The acquired MS data pretreatments including peak picking, peak grouping, retention time correction, second peak grouping, and annotation of isotopes and adducts was performed using XCMS software. LC−MS raw data files were converted into mzXML format and then processed by the XCMS, CAMERA and metaX toolbox implemented with the R software. Each ion was identified by combining retention time (RT) and m/z data. Intensities of each peaks were recorded and a three dimensional matrix containing arbitrarily assigned peak indices (retention time-m/z pairs), sample names (observations) and ion intensity information (variables) was generated. The online KEGG, HMDB database was used to annotate the metabolites by matching the exact molecular mass data (m/z) of samples with those from database. If a mass difference between observed and the database value was less than 10 ppm, the metabolite would be annotated and the molecular formula of metabolites would further be identified and validated by the isotopic distribution measurements. We also used a in-house fragment spectrum library of metabolites to validate the metabolite identidification [26].
Results
Protein determination
The total protein was determined using the BCA method with a relevant kit. The protein content of the different treatments was determined using a protein standard curve (Fig 1) with the equation Y = 0.1596x-0.0003131.The results indicated (Fig 2) that the protein content followed the order: Zn2+ (0) > 400 > 200 > 800.The difference was found to be statistically significant and highly significant using one-way analysis of variance (ANOVA) and the LSD test in SPSS 20.0, respectively. The results indicated no significant difference in protein content among the different treatments, with no statistical significance observed.

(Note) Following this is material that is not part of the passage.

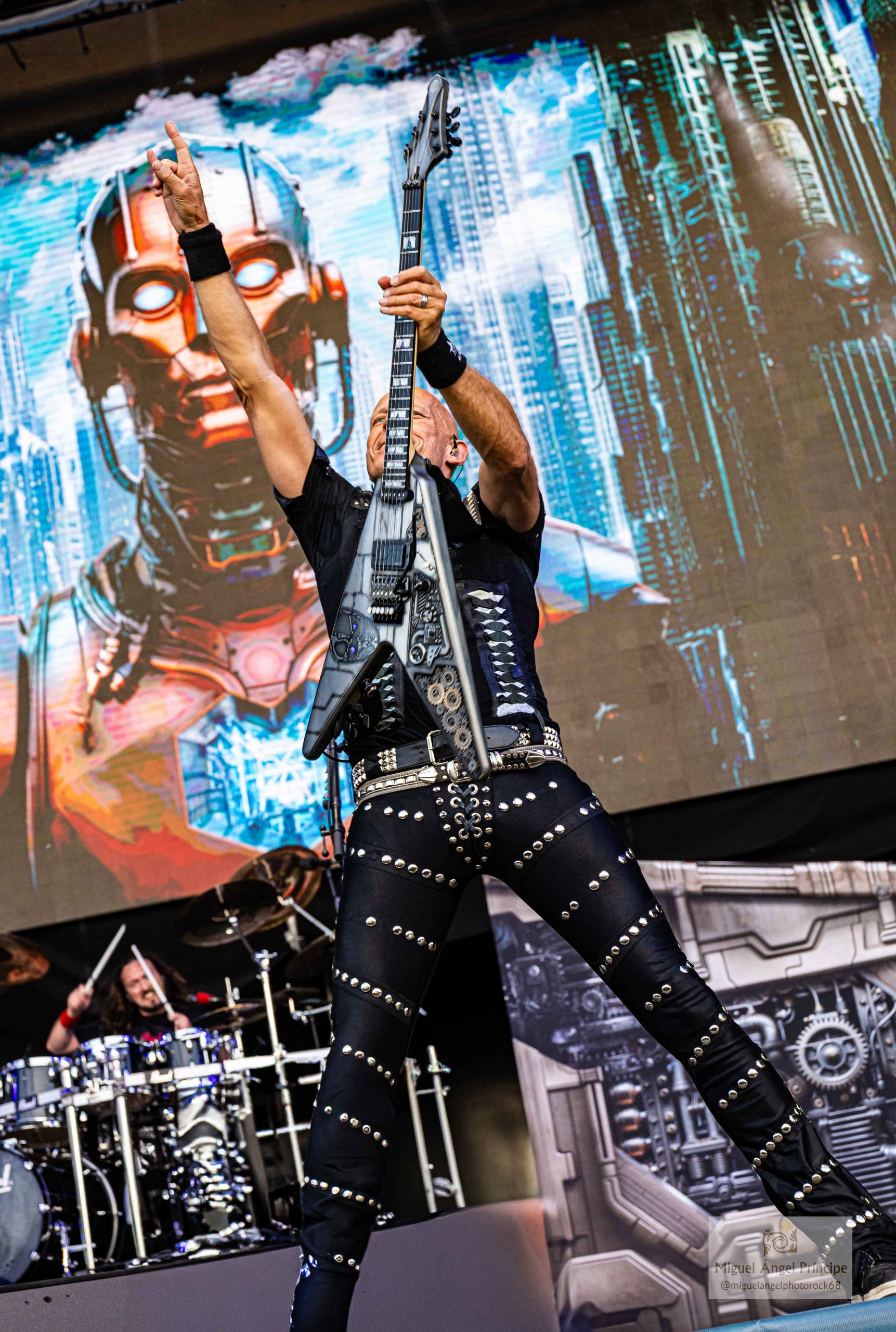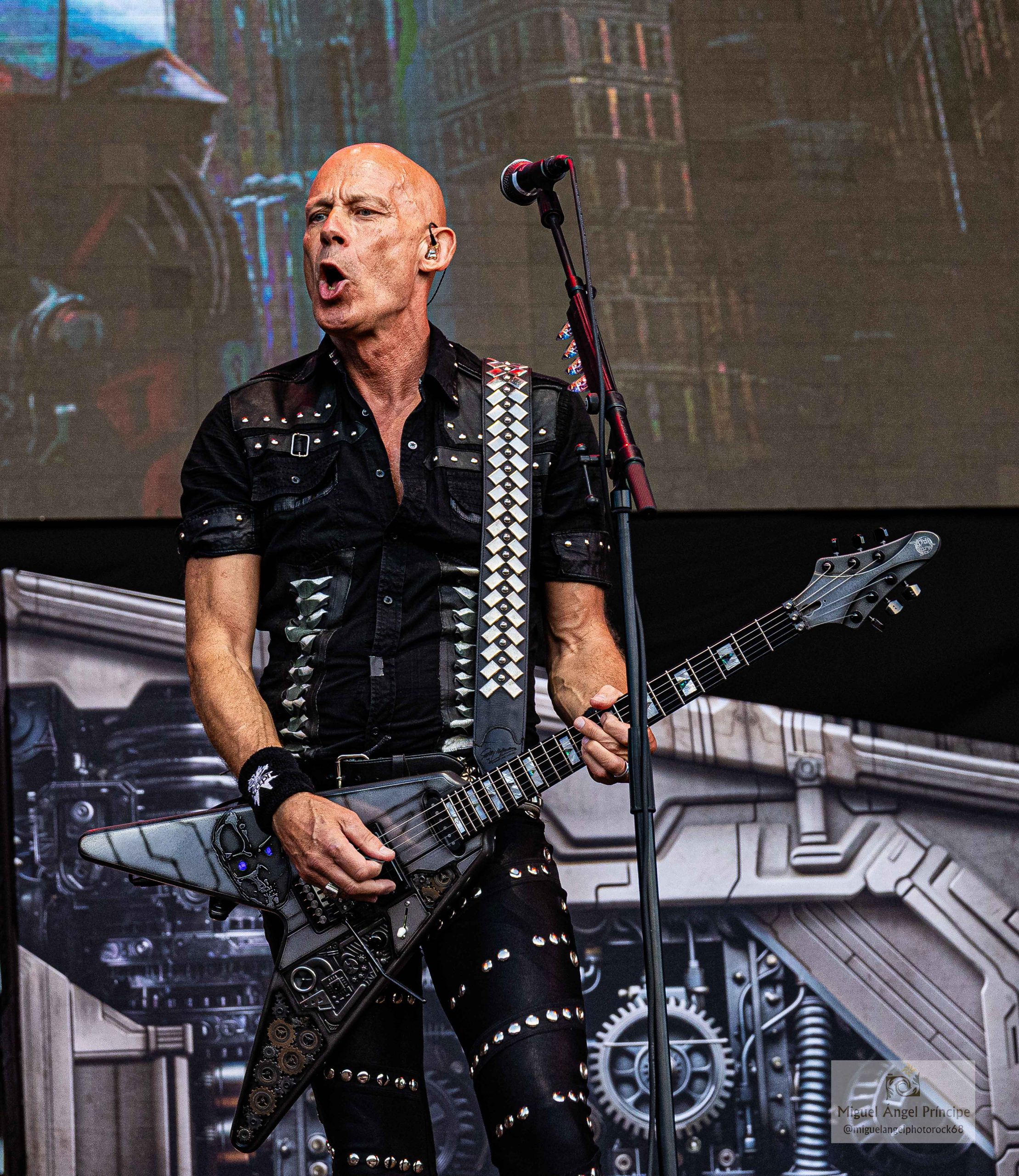 Una brutal e indescriptible base rítmica apta sólo para los oídos más exigentes aderezada por las afiladas guitarras del triplete Lulis, Shouse y Hoffmann se unieron a la voz penetrante de Tornillo haciendo de su actuación una verdadera Oda al Metal con los riffs como protagonistas en las aclamadas «Balls To The Wall», «Fast As A Shark», «Metal Heart» o «Teutonic Terror» convirtiendo la explanada en una auténtica jarana de headbanging e imparables puños en alto.

Enzyme activity determination
According to the standard curve of six enzyme activity (Fig 3), we obtained the enzyme activity of different treatment groups (Fig 4). According to the results of ANOVA analysis, the enzyme activity P values of different treatment groups were all less than 0.001, which was statistically significant (Table 1). The activities of laccase, catalase, peroxidase, and superoxide dismutase in the Zn+ group exhibited significant differences (* P < 0.001). The activities of amylase and cellulase were also significantly different (P < 0.05). A heat map was constructed based on the results of the enzyme activity (Fig 5). The analysis demonstrated that the three replicates for each treatment could be classified into distinct categories, indicating the accuracy of the determination results. Catalase and superoxide dismutase results were grouped together, amylase, laccase, and cellulase were classified into another group, and peroxidase was placed into a separate category.
Correlation analysis
Table 2 presents the results of the correlation analysis conducted on the mycelial enzyme activity of Pholiota adiposa, which was treated with various concentrations of zinc. Amylase exhibited a significant positive correlation with laccase, cellulase, and catalase(P < 0.001)., and also displayed a positive correlation with superoxide dismutase (P < 0.05).Laccase demonstrated positive correlations with cellulase and catalase(P<0.0 1), while displaying a negative correlation with peroxidase(P<0.0 1).Cellulase showed positive correlations with amylase, laccase, and catalase(P<0.0 1). Conversely, peroxidase exhibited a negative correlation with catalase and superoxide dismutase (P < 0.001), but displayed positive correlations with other enzyme activities (P < 0.01) (Fig 6).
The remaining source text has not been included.